The SIIM’s Artificial Intelligence Webinar Series recently held a talk on the reproducibility crisis in machine learning, providing an often-unheard perspective on artificial intelligence’s pitfalls in medical imaging.

Although rapid advancements in artificial intelligence, machine, and deep learning have been lauded by numerous startups and news articles, very few tools have been clinically deployed, mainly due to a lack of model generalizability. Dr. Maleki and Dr. Azizi’s talk highlighted several reasons behind, and solutions to, this “generalizability crisis.” Reflecting more broadly, this problem can be compared to the “replication crisis” in scientific research, which refers to the difficulty of reproducing results from published studies. Like the replication crisis, the generalizability crisis limits the credibility of technological discoveries and advancements.

Various perspectives have been offered on the replication crisis in diverse domains of science. However, a common issue is the “fossilization” of incorrect or non-replicable findings. This occurs when unreproducible and therefore unreliable results are assumed to be true, which can mislead theories and future investigations, ultimately hindering scientific progress. Similarly, poor replicability of machine learning models can limit their further development due to limited accuracy.

To characterize this issue, machine learning scientists developed the concept of model generalizability. This refers to a tool’s ability to perform well on data outside its original training dataset. Many factors contribute to this limitation, such as variability in patient demographics, medical imaging tools, and data workflows. Dr. Maleki and Dr. Azizi’s talk outlined three methodological reasons for limited generalizability in machine learning: biased training datasets, poor performance measurements, and the aggregation of different datasets without appropriate demographic characterization.

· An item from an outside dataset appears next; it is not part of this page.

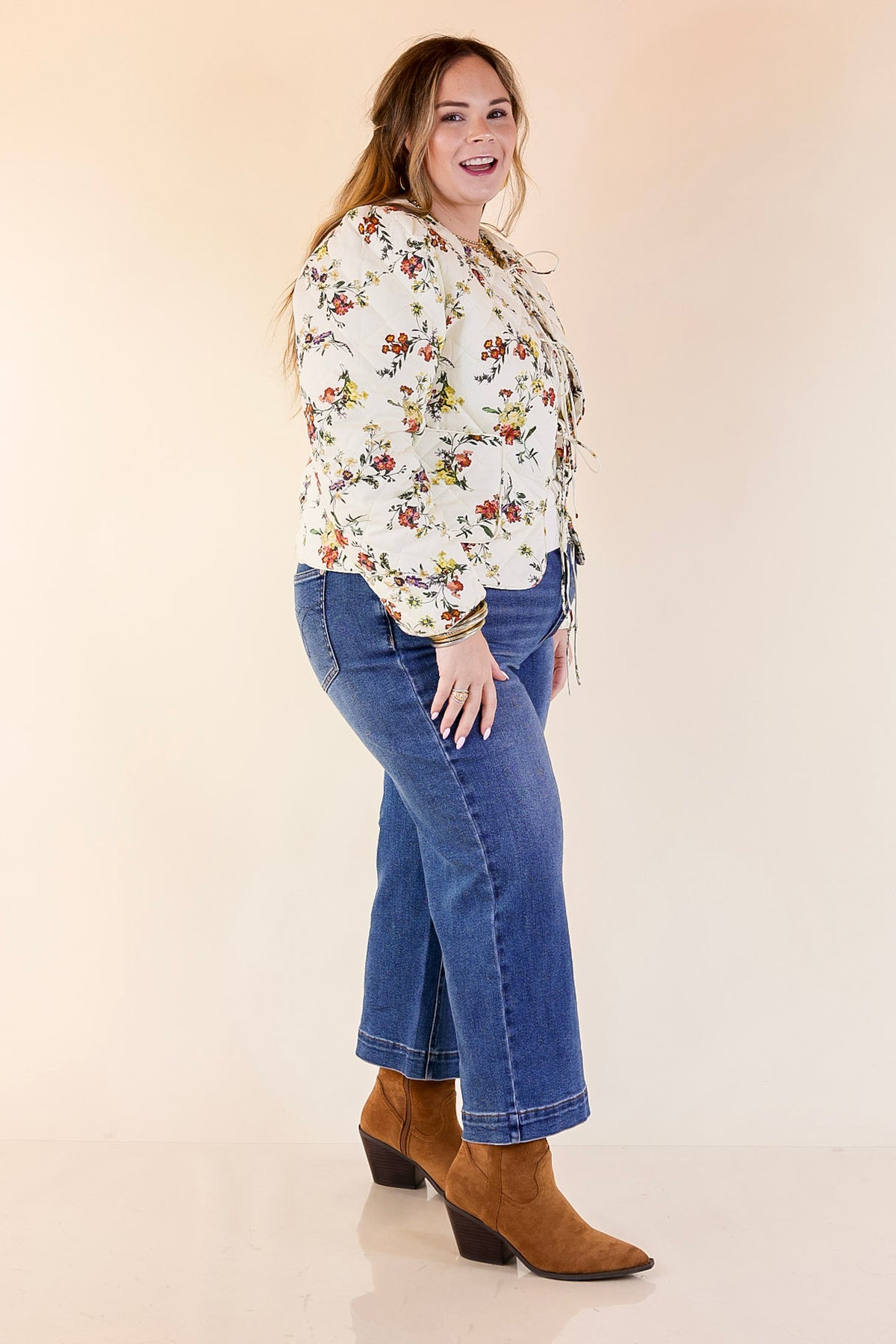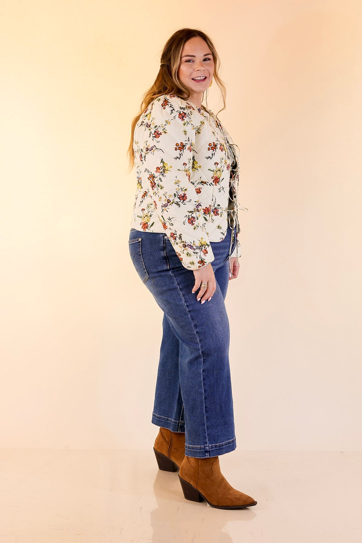 Chic in Bloom Quilted Floral Jacket with Front Ties in Ivory

The first methodological challenge makes sense given the pipeline used to develop these machine learning tools, whereby data is split into training, validation, and test sets. Training datasets are used to “educate” the model; validation datasets are used to retrain the model with more accuracy; and test sets are used for estimating the model’s error. The effectiveness of this pipeline depends on the training, validation, and test datasets being independently distributed. However, issues arise when the training dataset has a biased sample, which occurs when data from the validation or test sets appear in the training set. This can lead to an overestimation of a model’s performance. Although there are several complex reasons behind this biased sampling, they are generally unintentional and due to the impracticality of developing large-scale datasets.

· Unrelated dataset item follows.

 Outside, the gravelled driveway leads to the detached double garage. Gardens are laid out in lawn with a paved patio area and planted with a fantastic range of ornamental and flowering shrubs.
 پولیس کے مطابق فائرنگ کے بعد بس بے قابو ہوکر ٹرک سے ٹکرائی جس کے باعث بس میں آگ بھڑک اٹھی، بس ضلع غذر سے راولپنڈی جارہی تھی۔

The second methodological problem relates to the metrics used to evaluate a machine learning model’s performance, namely accuracy, precision, and recall. Accuracy describes how often a model is correct; precision describes how well a model minimizes false positives; and recall describes how well a model minimizes false negatives. Due to its simplicity, accuracy has historically been a favored performance metric. However, it is increasingly recognized as inadequate in imbalanced datasets (i.e., rare radiologic findings are overrepresented in datasets, difficult-to-describe imaging features are underrepresented). Moreover, due to the high cost of false positives and false negatives in healthcare, it is essential to include precision and recall when estimating a model’s usefulness in clinical settings. One reason these statistics have not been favored is the difficulty of calculating them: unlike accuracy, precision and recall require data to be categorized.

The final methodological error discussed is commonly known as “batch effects.” This occurs when training data have variations due to differences in collection or processing, rather than from the underlying medical conditions being studied. The most common cause of this in radiology machine learning models is when different datasets are aggregated and labeled inappropriately. One example discussed was a pneumonia detection model trained on three datasets: a healthy adult dataset, an adult pneumonia dataset, and a healthy pediatric population dataset. To demonstrate “batch effects,” their research team aggregated cases of adult pneumonias and healthy children during the training of the machine learning model. The effect was that the model labeled both adult pneumonias and anatomical features of children as pneumonias. Extrapolating from this example, machine learning models could create false positive diagnoses from benign anatomic variants, different imaging standards or protocols, patient demographics, and unrelated or incidental diagnoses not filtered out of the training dataset. To produce a machine learning tool that surmounts this issue, a large and accurate dataset would have to be developed, and separate machine learning models would have to be developed for each diagnosis or benign feature. Both these solutions require large amounts of resources. Therefore, the “batch effect” phenomenon is difficult to eliminate entirely and may in part be responsible for the so-called “hallucinations” in radiology artificial intelligence tools.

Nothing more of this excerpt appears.